僕は、満月のおっちょこちょいなところに、このときばかりは心から感謝した。
「危うくみっちゃんと律君もここに来ちゃうところだったね」
事態が収束してから、母が僕を冷やかしに来る。
「よほどの仲良し夫婦なのね。わざわざ天国まで夫に会いに行こうだなんて」
「やめてよ。冗談じゃない」
「本当は桔平もみっちゃんに会いたかったんじゃない?」
「母さん、僕をからかうためだけに来たんだったら、さっさと帰ってよ」
僕は、母に向かって、手でシッシとやる。
「違うわよ。ちゃんと桔平に用があって来たのよ」
「用? 何の用?」
「実はね、神様が桔平のことを探してるのよ。それで神様に頼まれて呼びに来たの」
「神様?」
この「天国」には神様がいる、ということは、なんとなく聞いていた。
もっとも、僕は会ったことも見たこともないし、一体神様がどういう存在なのか分かっていなかった。おそらく相当偉いんだろうくらいの想像はつくが。

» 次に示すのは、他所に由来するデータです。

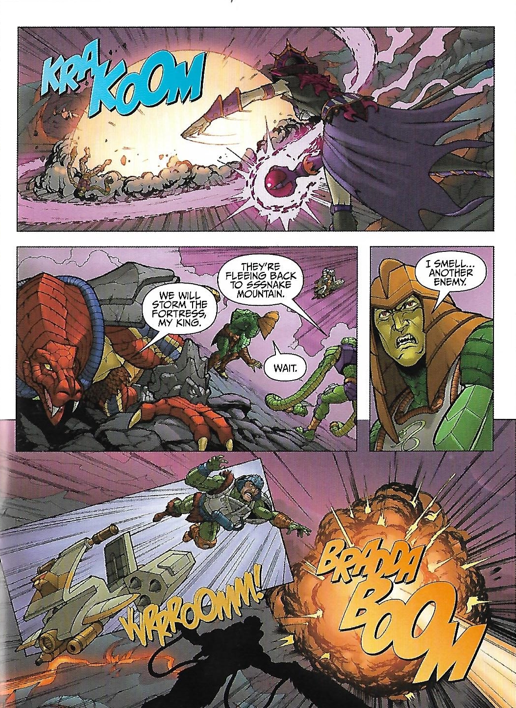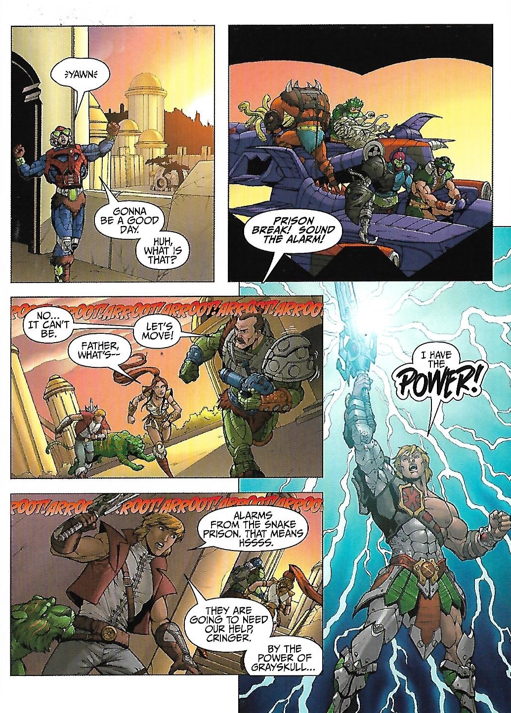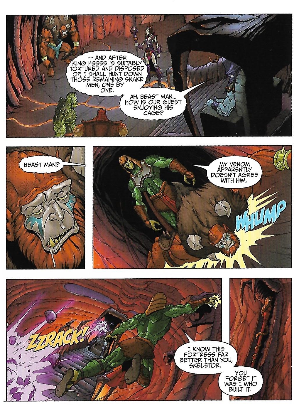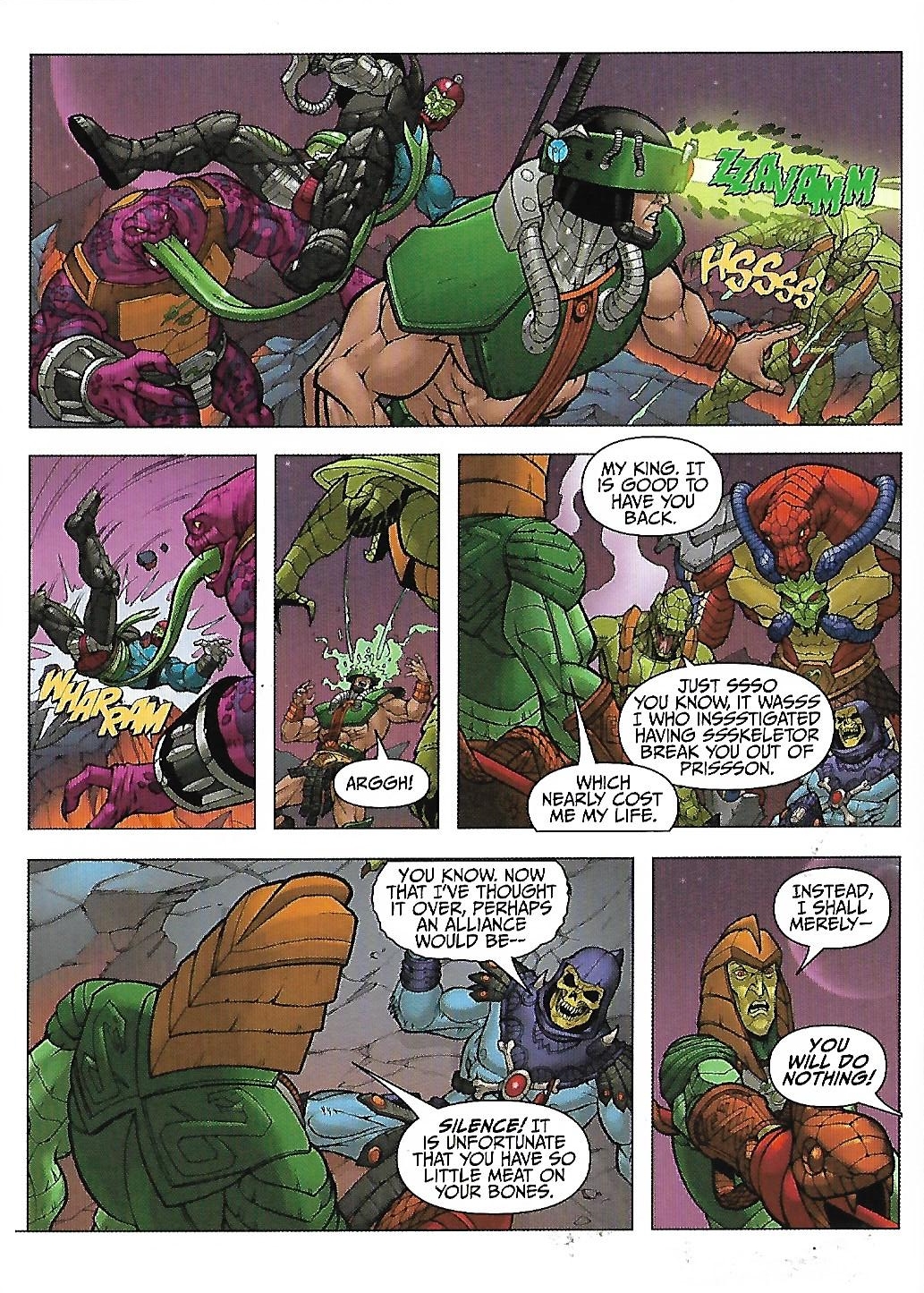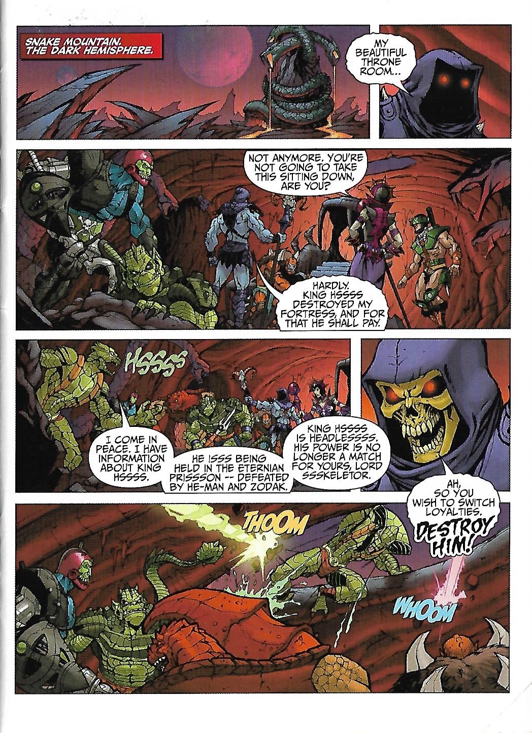 The comic picks up right where the 39th episode left off with King Hssss defeated by Zodak and He-Man, and King Hssss' main head destroyed. Imprisoned by Man-At-Arms in a new prison, the leader of the Snake Men is not rescued by his own forces but is liberated by Skeletor's henchmen, so that Skeletor may have revenge.

「神様ってどういう人なの? っていうか、人じゃない何かなの?」
「さあ。私も初めて見たからよく分からないんだけど、見た目は人だったわ」
「で、その神様が僕ごときに何の用なの?」
「さあ。私は何も聞いてないわ。とにかく行っておいでよ。そこにいる天使が道案内してくれるって」
僕は母が指差した方を見ると、たしかに天使が待っていて、僕と母とのやりとりをじっと見ていた。
天使も初めて見たが、見た目は完全に人間だった。
満月と律は、今、警察に保護され、大きい病院に連れて来られている。ひとまずは、目を離していても平気な状態だろう。
僕は立ち上がると、天使の方へと小走りで向かった。